President Trump signed an executive order creating  the “1776 Commission.” What does this mean, and what are people saying?

On Monday, one day shy of the 2020 election, President Trump signed an executive order creating the “1776 Commission,” which will “better enable America’s rising generations to understand the history and principles of our Nation’s founding,” according to a statement released by the White House. 

The order is a direct counter to the 1619 Project by the New York Times, which claimed that the founding date of the United States was not in 1776, but rather, “when the first enslaved Africans arrived in the English colonies that would become the United States — August of 1619.” 

The founder of the 1619 Project, Nikole Hannah-Jones, told PBS NewsHour that the project was, “A great opportunity to… reframe the way we’ve thought about an institution that has impacted almost everything in modern American society.” She goes on to state that Black American lives were taught to be “marginal to the American story,” and hopes that by broadening the education of Americans on the topic of Black history in America, a change can be made in that narrative.
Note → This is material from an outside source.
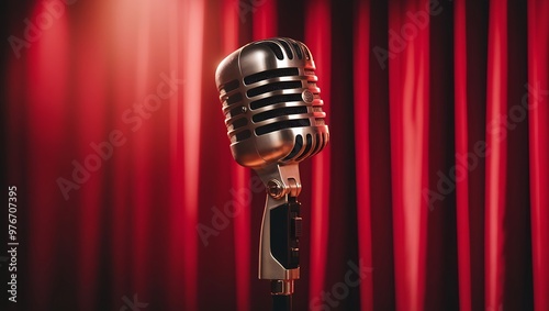 Vintage silver microphone centered on a black stand with red pleated stage curtains as a backdrop. Perfect for performance or theater-related imagery.

The 1776 commission will create a report “regarding the core principles of America’s founding and how these principles may be understood to further the blessings of liberty and promote our continuing efforts to form a more perfect Union.”

President Trump’s push of the commission and its ideals is a rebuttal against what he believes is a lack of patriotism in America’s schools, and the idea that our country’s founding narrative is being compromised. 

“Just signed an order to establish the 1776 Commission,” Trump tweeted on Monday. “We will stop the radical indoctrination of our students, and restore PATRIOTIC EDUCATION to our schools!

President Trump is speaking to the ideals supported by the 1619 project, which promotes the presence of Black Americans in U.S. History and the idea that those lives, “should occupy a central role in American history.”

Trump has spoken out before on this topic, stating in an address to his supporters in mid-September that, “we are going to teach our children the truth about America, that we’re the most exceptional nation ever to exist, and we’re getting better every single day.” 

Historian of Education, Natalia Mehlman Petrzela, Ph.D., said that conservatives view the push for a switch in the narrative as a “bastardisation of American history,” and that they believe even opening a conversation on the topic of institutional and systemic racism will “paralyze people” and “undermine American institutions.”

Although Trump views this order as a move to “protect America’s founding ideals,” Petrzela believes “these are incredibly productive conversations in terms of moving our country forward.”

The question then must be posed: Does acknowledging the origins of our nation undermine American ideals and institutions, or rather does it open the door to more conversations on the topic of race, and how far our nation has come since its origins?